Hoteliers know, that their revenue doesn’t grow the same way all throughout the year. Often, it depends on the climate. Sometimes, however, it is a man, not weather conditions, that affects the number of tourists visiting a given country. Sporting events, because they will be the subject of this article, can drastically change the number of foreign visitors, as well as the entire economy of the country. But are they truly worth it?
Sporting events can help the economy, especially the hospitality market. A given state is chosen as the host of an event, which allows it to increase its income. Of course, this is not always the case. Sometimes the country’s profits are small and do not cover expenses incurred for the organization of the event. Many of them have to build stadiums and, in a relatively short time, improve the infrastructure, which involves considerable costs. We will look at several examples of the impact of such events on the tourist market and the economy as a whole.

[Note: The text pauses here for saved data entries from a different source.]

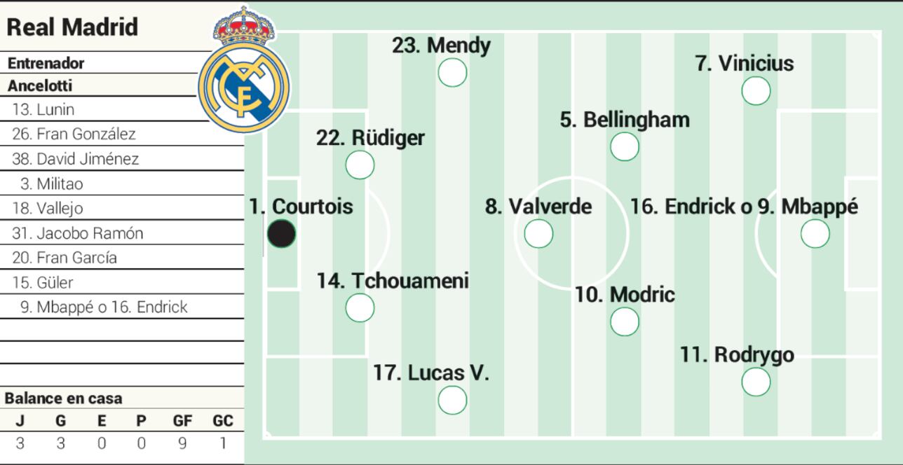 Rodrygo (69. Endrick) – Mbappé (80. Arda) – Vinícius (90. Fran García)
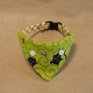 首輪用バンダナ 首輪にワンタッチでつけられるバンダナ ★猫と小判の唐草バンダナ(黄緑)★
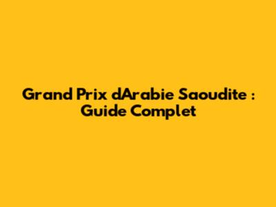 Grand Prix D'Arabie Saoudite : Guide Complet
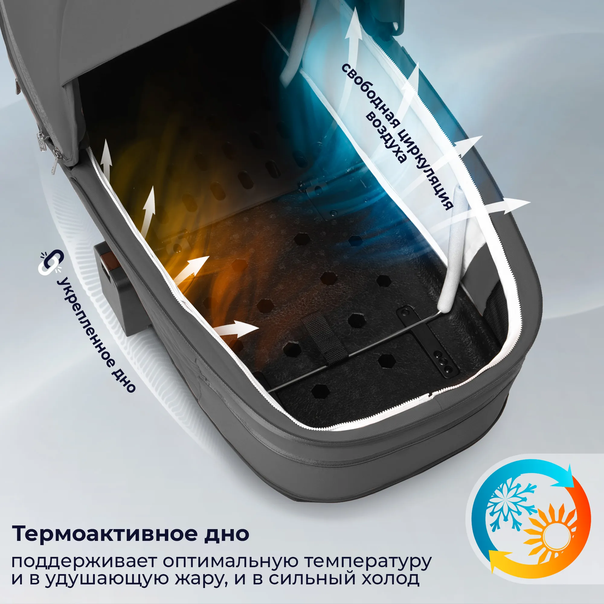 Уникальное термоактивное дно люльки поддерживает оптимальную температуру, позволяя вашему ребенку наслаждаться свежим воздухом и уютом даже в самые прохладные дни.
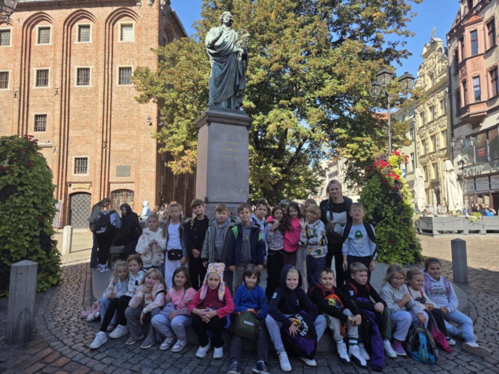 26 września uczniowie klas 2b i 2c wybrali się na wspólną wycieczkę do Torunia – jednego z najpiękniejszych miast w Polsce. Uczniowie wzięli udział w pokazie astronomicznym w toruńskim Planetarium. Zwiedzili Stare Miasto, gdzie mogli podziwiać zabytkowe kamienice, mury obronne oraz słynną Krzywą Wieżę. Przewodnik opowiedział wiele ciekawostek o historii miasta oraz o życiu Mikołaja Kopernika. Kolejną atrakcją były warsztaty w piernikarni, podczas których każde dziecko mogło własnoręcznie wykonać piernik według tradycyjnego przepisu. Był również czas na spacer i zakup pamiątek – oczywiście nie zabrakło toruńskich pierników! Wycieczka do Torunia była nie tylko świetną zabawą, ale także okazją do nauki i poznania historii naszego kraju.
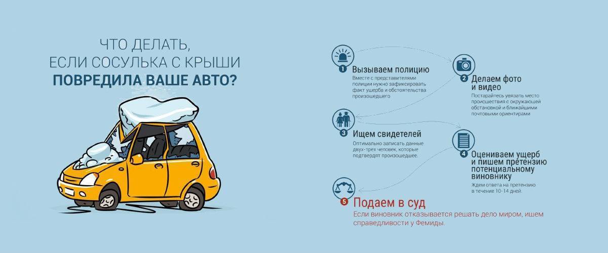 Если виновника не установит полиция, пострадавшему придется доказывать, что ущерб его автомобилю был причинен в результате противоправных действий (ненадлежащей уборки), что ведет к суду.
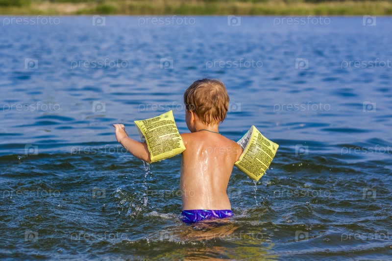 Счастливый ребенок плавает в реке в очень жаркий летний день. Купайтесь в водоемах. Счастливая семья веселится и летом плещется в воде

Olympic Winter Games will take place in February. This year the host city is Pyeongchang in South Korea. How can they affect its economy?

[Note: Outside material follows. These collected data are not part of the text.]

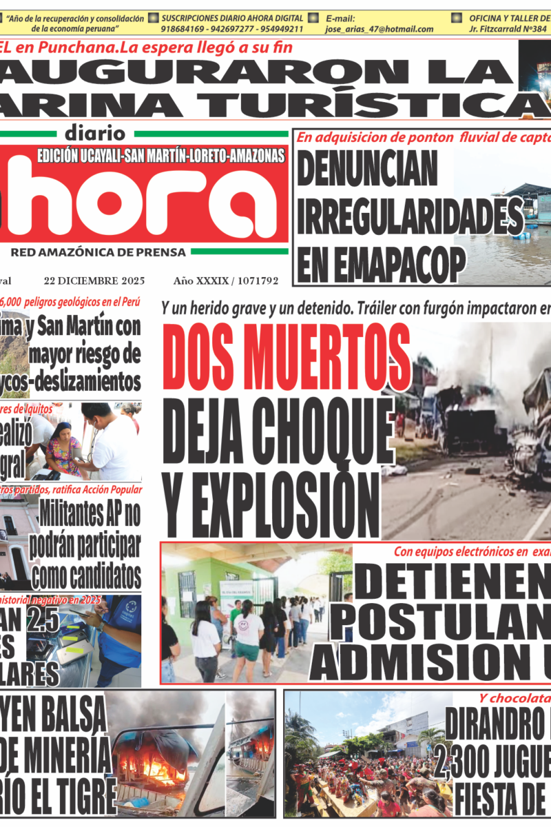PORTADA RD.PUCALLPA REVISTA DIGITAL EDICIÓN IMPRESA AHORA 22.12.25 febrero 20, 2026 admin 0 comentarios EDICIÓN DIARIO AHORA 22.12.2025 Leer más
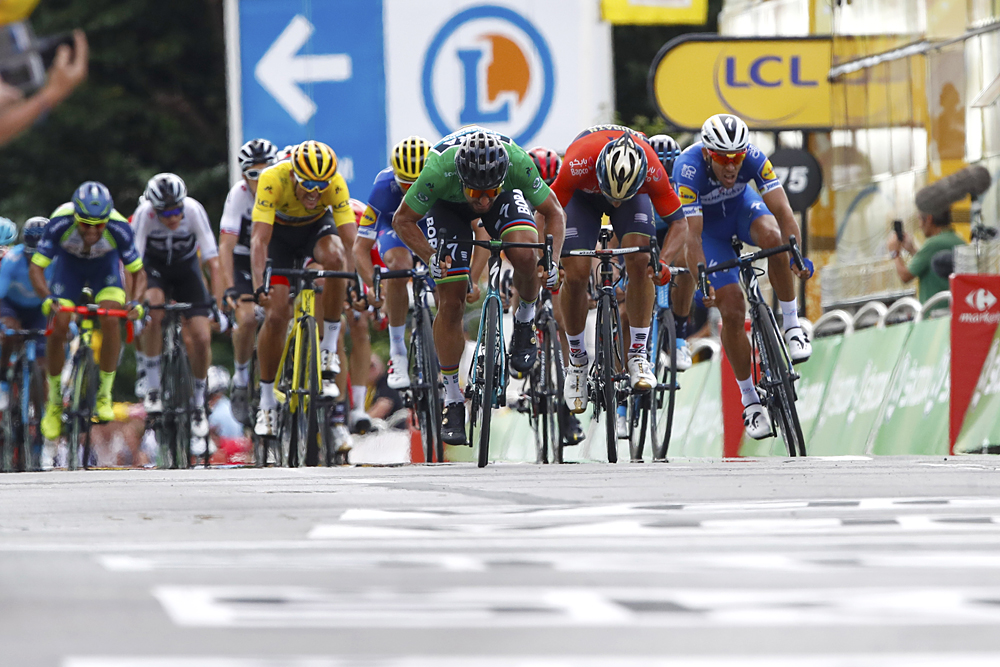 Peter Sagan (Bora-Hansgrohe) tightened his grip on the green jersey by claiming stage 5 of the Tour de France with a resounding sprint on the uphill finale in Quimper. The world champion timed his effort well on the drag to the line to beat Sonny Colbrelli (Bahrain-Merida) and Philippe Gilbert (Quick-Step Floors) to the stage honours, while Greg Van Avermaet (BMC) placed seventh to retain the yellow jersey.
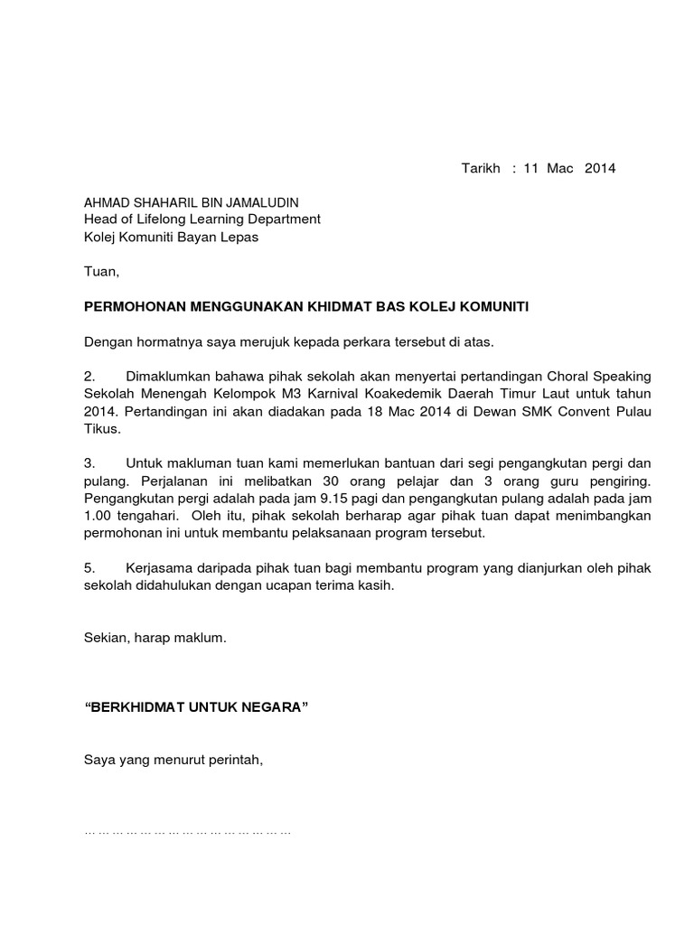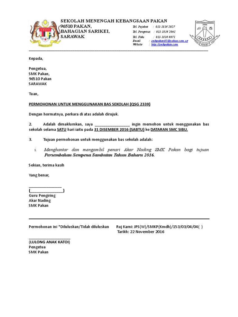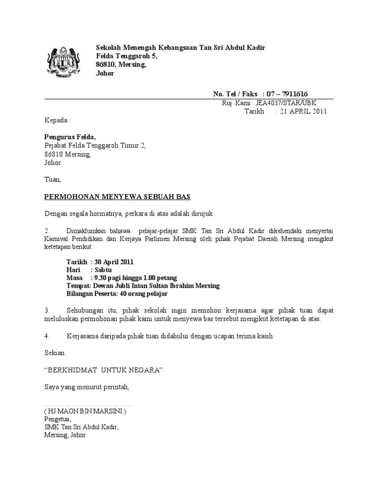 Contoh Surat Memohon Menggunakan Bas Sekolah Pdf
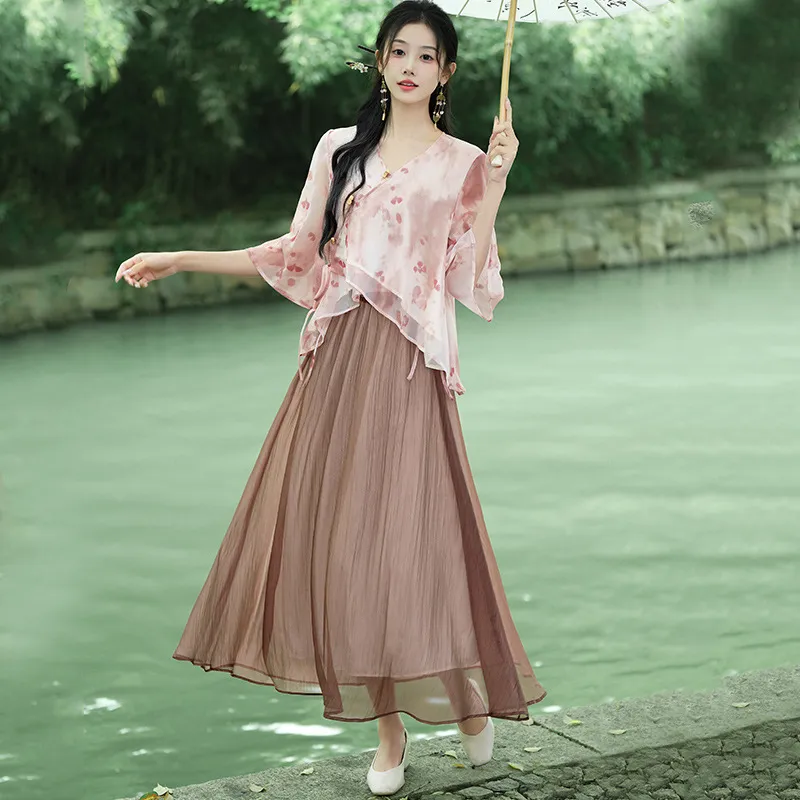 衣都精品- 新款中式改良唐裝立體植絨七分袖盤扣上衣+半身裙套裝

The ancient Olympics were held between the 8th century BC and the 4th century AD. Their first modern version took place in 1896. Today, the costs of the games are bigger than ever, so does it even pay off to host them?

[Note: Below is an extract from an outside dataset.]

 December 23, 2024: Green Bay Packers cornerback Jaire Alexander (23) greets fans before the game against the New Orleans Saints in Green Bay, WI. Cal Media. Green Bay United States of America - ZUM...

Most economists would say “no”. The statistics speak for themselves. Majority of the countries earn very little or nothing from the Olympics. Many go bankrupt. After 1932, it took over half a century for a host city to profit from them. And that was mostly, because Los Angeles in a large part used its existing resources and infrastructure, that most cities do not have.
Before, the hosts were typically developed countries. Now, the things have changed. Many developing countries take on this difficult role. And sadly, most of them later regret it.
While the games help the infrastructure, lift the nation’s spirits and promote the country, they cost billions of dollars. Without proper investment funds and any specific financial structure, the things are unlikely to change.
One sector, that usually benefits from the Olympics is the hospitality industry. While some host cities do not experience growth in visitors number, most do. For example, the 1988 Seoul Games resulted in the 78% growth of foreign visitors between the year 1986 and 1990. It is a common trend, for the hosting locations to become more popular in the time of the games. Its name is spread throughout all types of media around the World. But while tourism blossoms, the economy often crumbles. It is important to take all of that into consideration.
FIFA World Cup
Similarly to the Olympics, the FIFA World Cup sparks discussions regarding its beneficence. They do seem somehow less controversial, with many hosts gaining from them. Football fans are known for their devotion to the sports, and very often don’t mind the travel costs. FIFA also helps the host cities manage the Cup.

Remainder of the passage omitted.